● **SOURCE DATA**:
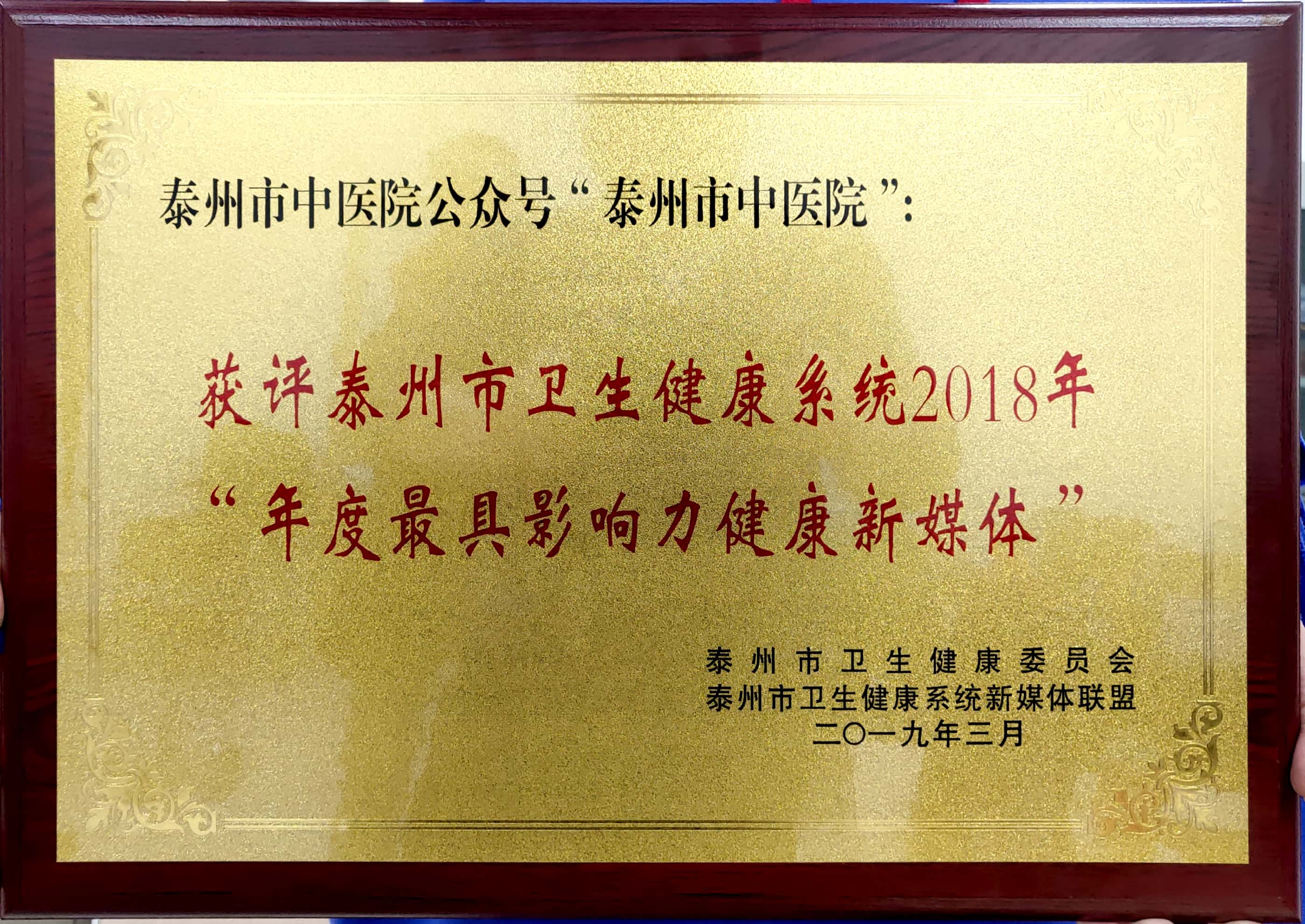 “泰州市中醫(yī)院”公眾號(hào)獲泰州市衛(wèi)生健康系統(tǒng)2018“年度最具影響力健康新媒體”。
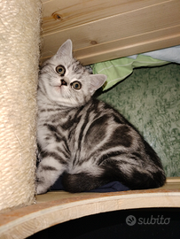 Disponibile femmina Black silver tabby blotched occhi verdi, nata il 22 ottobre, è disponibile a verso metà gennaio, già abituata a lettiere tiragraffi sarà ceduta con;
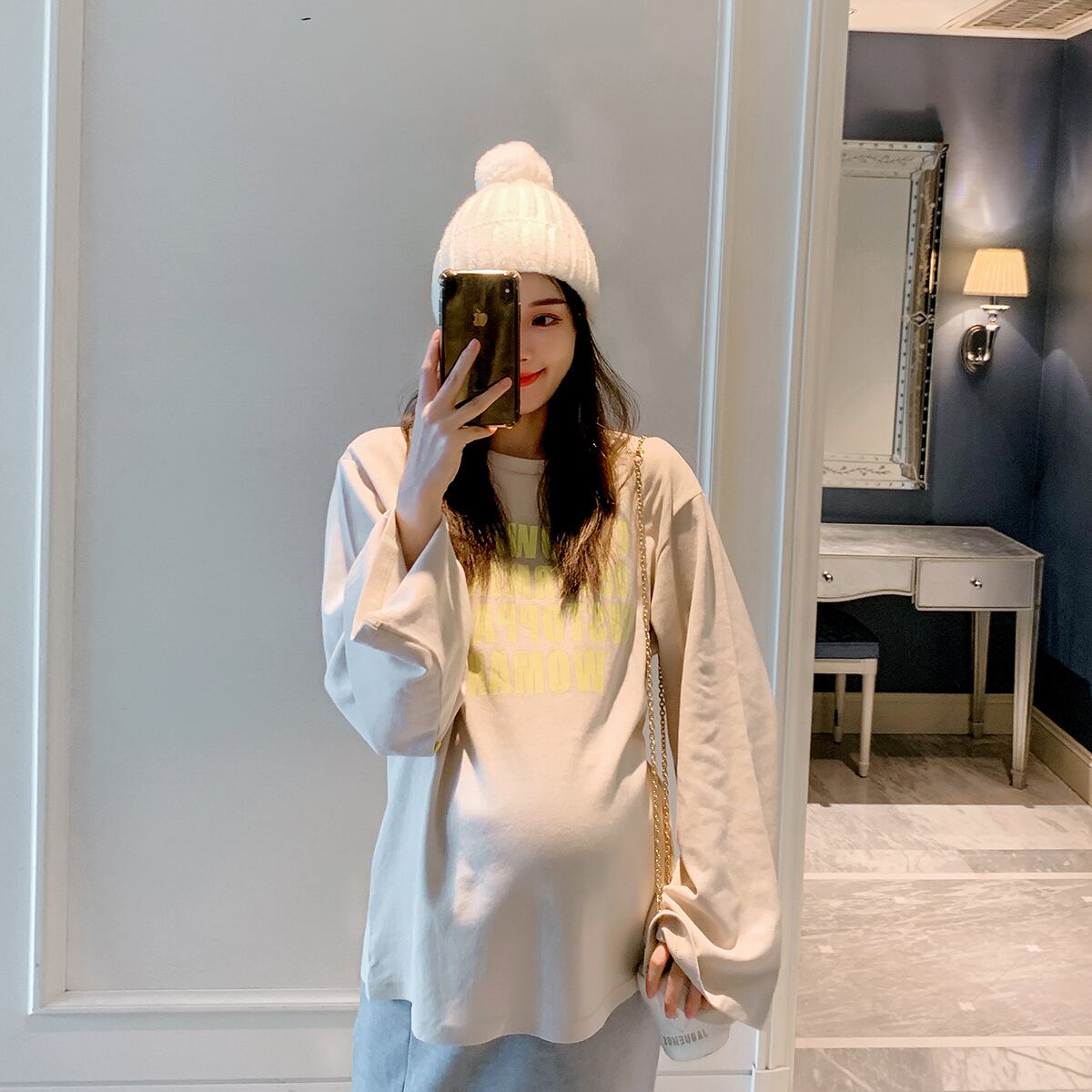 おしゃれ かわいい マタニティウェア スウェット オータムルーズ長袖スリーブスプリングトップス ロング コットン 大きめサイズ 春物 秋物 ピュア hotmom85553224659
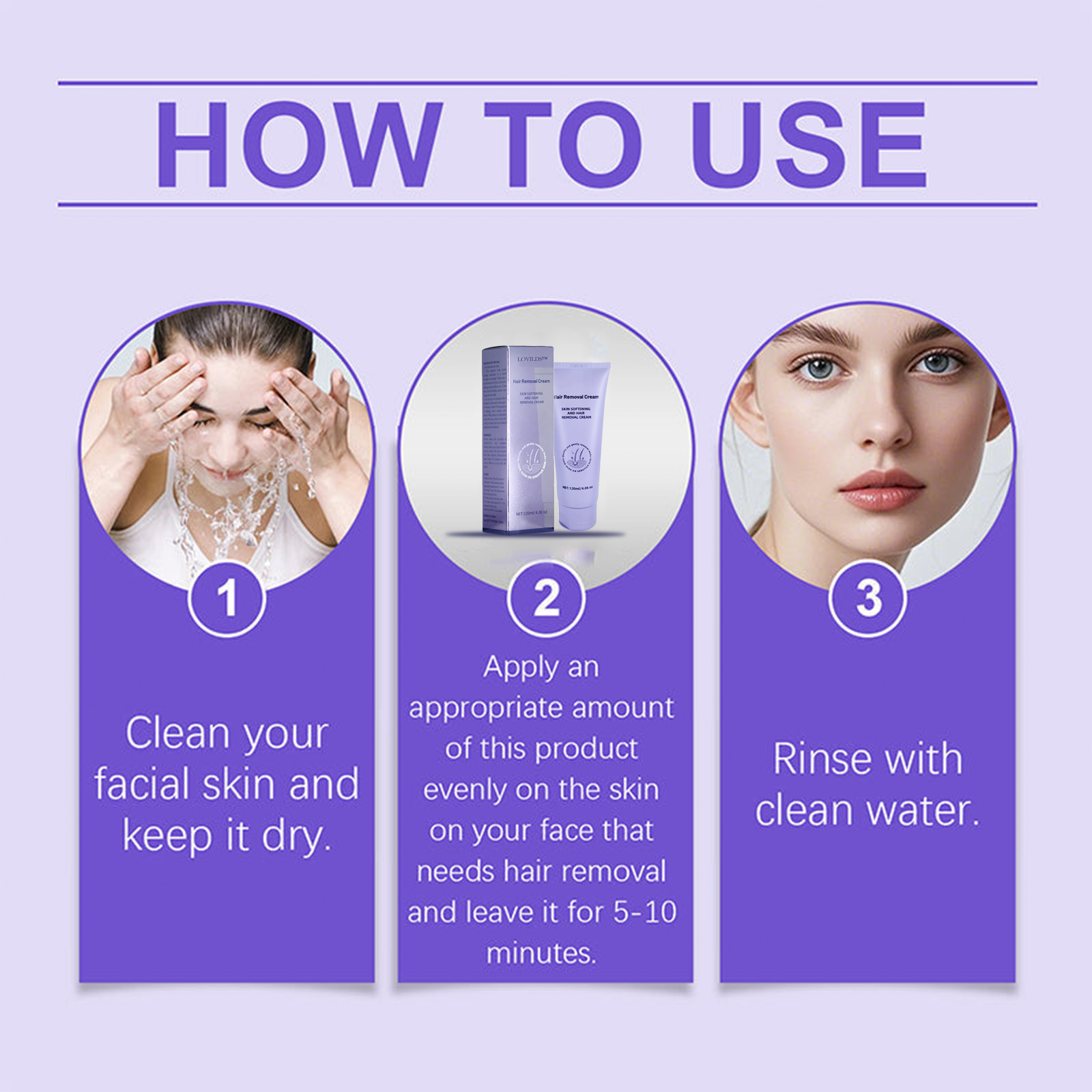 - Εφαρμόστε μια κατάλληλη ποσότητα του προϊόντος ομοιόμορφα στο δέρμα του προσώπου που χρειάζεται αποτρίχωση και αφήστε την για 5–10 λεπτά.

● **ASSIGNED TASK**:
The answer should contain only the lines from the one with "Disponibile femmina Black" through the last line of the material, given word for word and without pictures.

● **COMPLETED EXERCISE**:
 Disponibile femmina Black silver tabby blotched occhi verdi, nata il 22 ottobre, è disponibile a verso metà gennaio, già abituata a lettiere tiragraffi sarà ceduta con;
 おしゃれ かわいい マタニティウェア スウェット オータムルーズ長袖スリーブスプリングトップス ロング コットン 大きめサイズ 春物 秋物 ピュア hotmom85553224659
 - Εφαρμόστε μια κατάλληλη ποσότητα του προϊόντος ομοιόμορφα στο δέρμα του προσώπου που χρειάζεται αποτρίχωση και αφήστε την για 5–10 λεπτά.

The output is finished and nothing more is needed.